John jwd @end|ng |rom @urewe@t@net
Wed Jun 12 21:50:12 CEST 2019


On Wed, 5 Jun 2019 18:07:15 +0200
Frank Schwidom <schwidom using gmx.net> wrote:

In reading file names, names with spaces require escaping of the
spaces, and you are using not only a tilde but the space as spell.  The
tilde is conventionally read as wild card representing the leading
portion of the file address, which is what you see here:

The long standing convention in unix and linux is that a tilde is
shorthand for your home directory, just as "./" is the local directory
and "../" is one step back up the directory tree. The output of
path.expand() varies in how your string is constructed:

1. > path.expand("ab")
   [1] "ab"
2. > path.expand("a b")
   [1] "a b"
3. > path.expand("a ~b")
   [1] "a ~b"
4. > path.expand("a ~ b")
   [1] "a /home/john b"
5. > path.expand("a ~/b")
   [1] "a /home/john/b"
6. > path.expand("~/a  b")
   [1] "/home/john/a  b"

Notice that the spaces have an effect on how the tilde is parsed in
the string.  The next to last case sees a string with three elements:
"a", the local path, and "b".  The last expands the tilde as the "path"
to a hypothetical file "b" in the home directory. In the sixth case the
same behaviour occurs.  

If you read the help for path.expand(), the routine expects
"leading" tildes, which explains the free floating "path in the fourth
example.  In the third example, where the forward slash is omitted, the
routine simply treats the tilde as part of a string. 

Also note this at http://www.linfo.org/file_name.html:

"...file names only use alphanumeric characters (mostly lower case),
underscores, hyphens and periods. Other characters, such as dollar
signs, percentage signs and brackets, have special meanings to the
shell and can be distracting to work with.
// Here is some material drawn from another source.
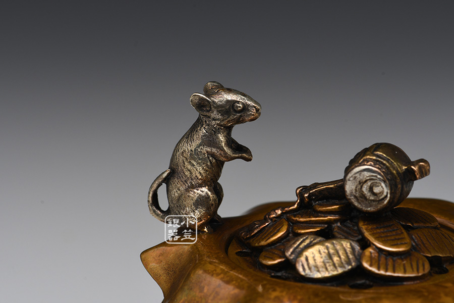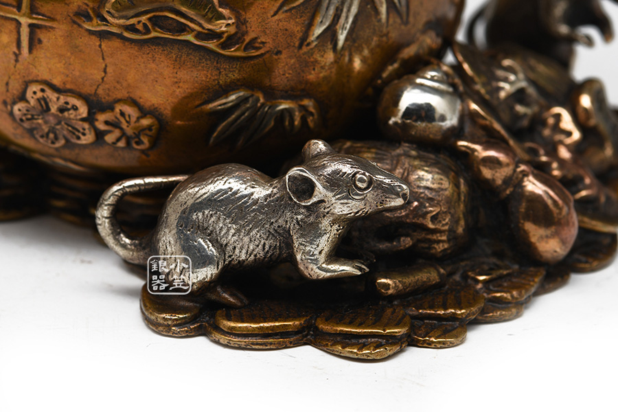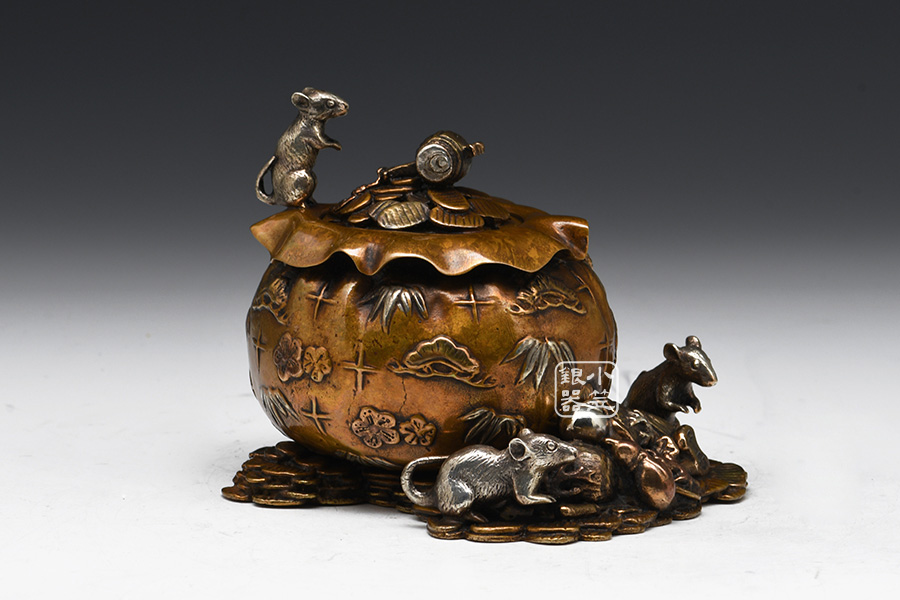 喜泉堂匠心之作,純銅制,精密蠟鑄工藝,金錢鼠主題,爐身似福袋裝,可裝福納福,福袋之上鏨刻梅花、竹與松等圖案,彰顯高雅之器,乃招福旺財(cái)吉兆。鼠刻畫精致巧妙,嬉鬧玩耍傳神生動(dòng),葫蘆諧音“福祿”,同為吉祥之意,整器無論是造型還是做工,均堪稱精工典范。

File names should never
begin with a hyphen."

The probable "bug" is that none of the programmers imagined that anyone
would use special characters within file names, "legal" or not, (just
not done, don't y' know). In any case the simple solution, if you
really, really need a tilde in a filename, is to avoid setting it off in
spaces, or any other character that could mislead a routine into
treating it conventionally as shorthand for you home directory.